Fenaroli's Handbook of Flavor Ingredients. Volume 2. Edited, translated, and revised by T.E. Furia and N. Bellanca. 2nd ed. Cleveland: The Chemical Rubber Co., 1975., p. 829


Following ingestion, L-aspartate is absorbed from the small intestine by an active transport process. Following absorption, L-aspartate enters the portal circulation and from there is transported to the liver, where much of it is metabolized to protein, purines, pyrimidines and L-arginine, and is catabolized as well. D-aspartate is not metabolized in the liver; it enters the systemic circulation, which distributes it to various tissues of the body.
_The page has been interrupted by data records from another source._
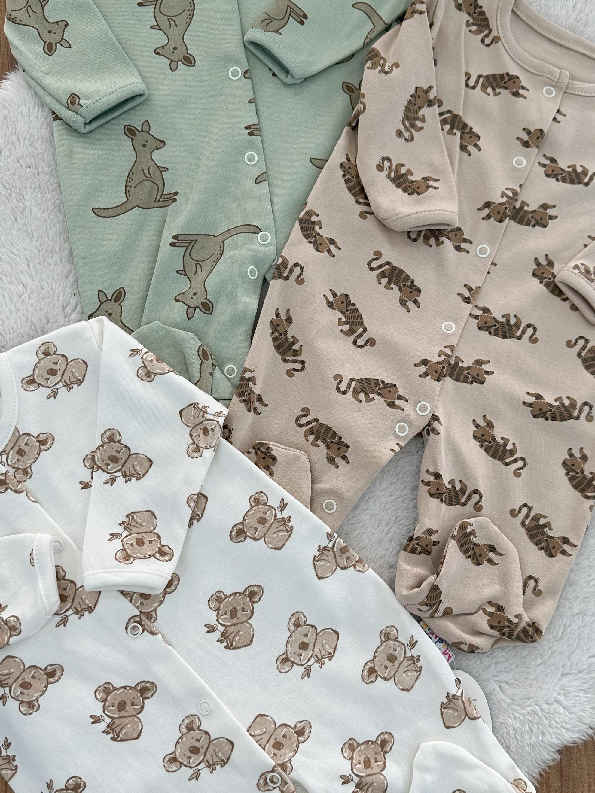 Hayvan Desenli Erkek Bebek 3lü Patikli Tulum Set 0-3/3-6/6-9 Ay
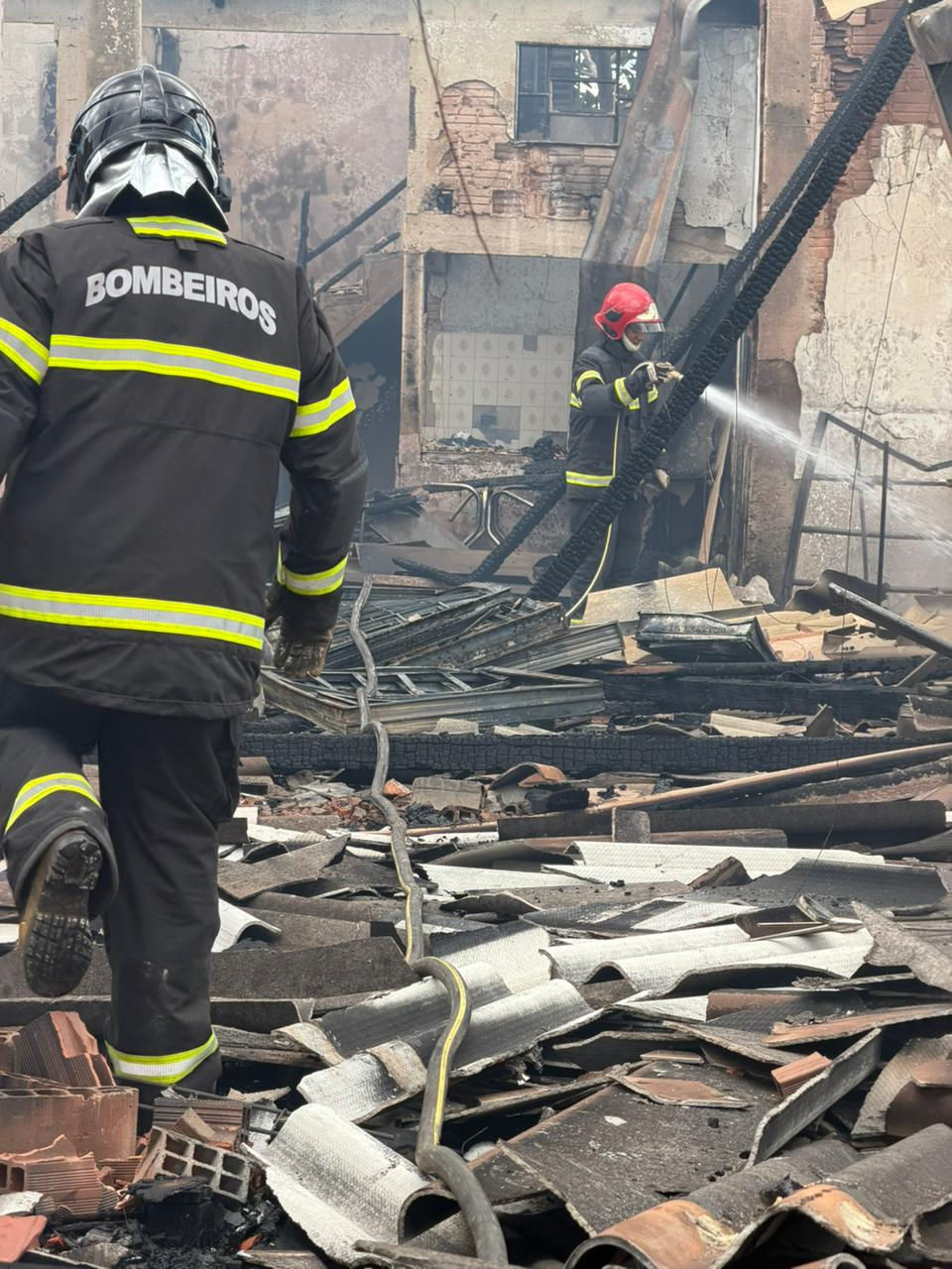 O incêndio causou o colapso total das estruturas e queima total dos materiais internos, sem nenhum tipo de vitima.
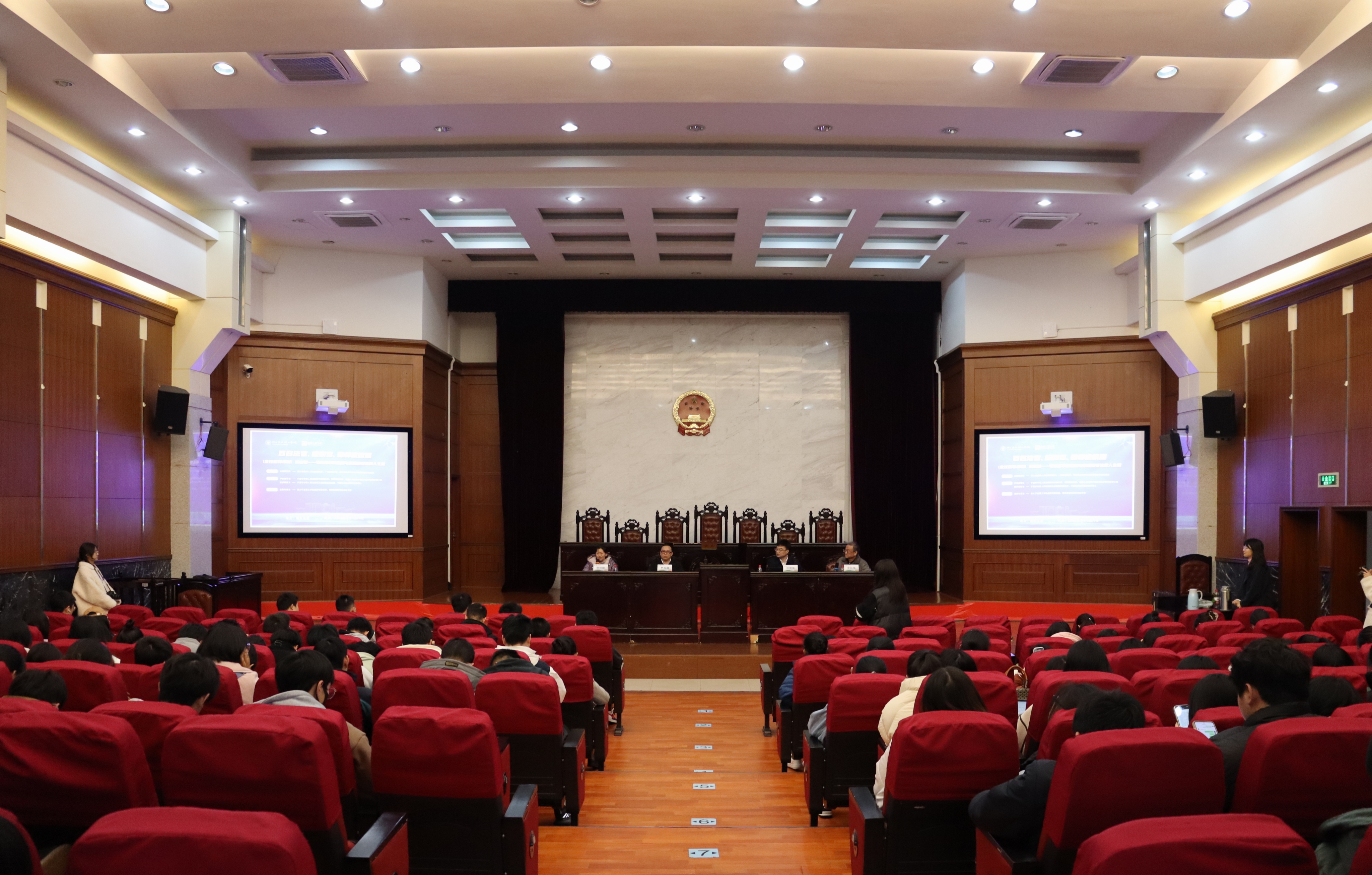 活动尾声,同学们踊跃提问,提出“成为法官所需最重要的品质什么”,“如何突破法律学习的瓶颈时期”等问题,徐建新院长、尹振国博士、曾娇艳博士对此作出了详细的回答。现场气氛高涨,掌声不断。本次活动也在热烈的掌声中落下帷幕。通过此次活动的学习,相信同学们能够更加坚定法律信仰,不忘初心,走好自己的法律人生路。

The cations associated with L-aspartate independently interact with various substances in the body and participate in various physiological processes. /L-aspartate; D-aspartate/

Physicians Desk Reference (PDR) for Nutritional Supplements 1st ed, Medical Economics, Thomson Healthcare; Montvale, NJ (2001) p.254


5.4 Mechanism of Action

There are also claims that L-aspartate has ergogenic effects, that it enhances performance in both prolonged exercise and short intensive exercise. It is hypothesized that L-aspartate, especially the potassium magnesium aspartate salt, spares stores of muscle glycogen and/or promotes a faster rate of glycogen resynthesis during exercise. It has also been hypothesized that L-aspartate can enhance short intensive exercise by serving as a substrate for energy production in the Krebs cycle and for stimulating the purine nucleotide cycle.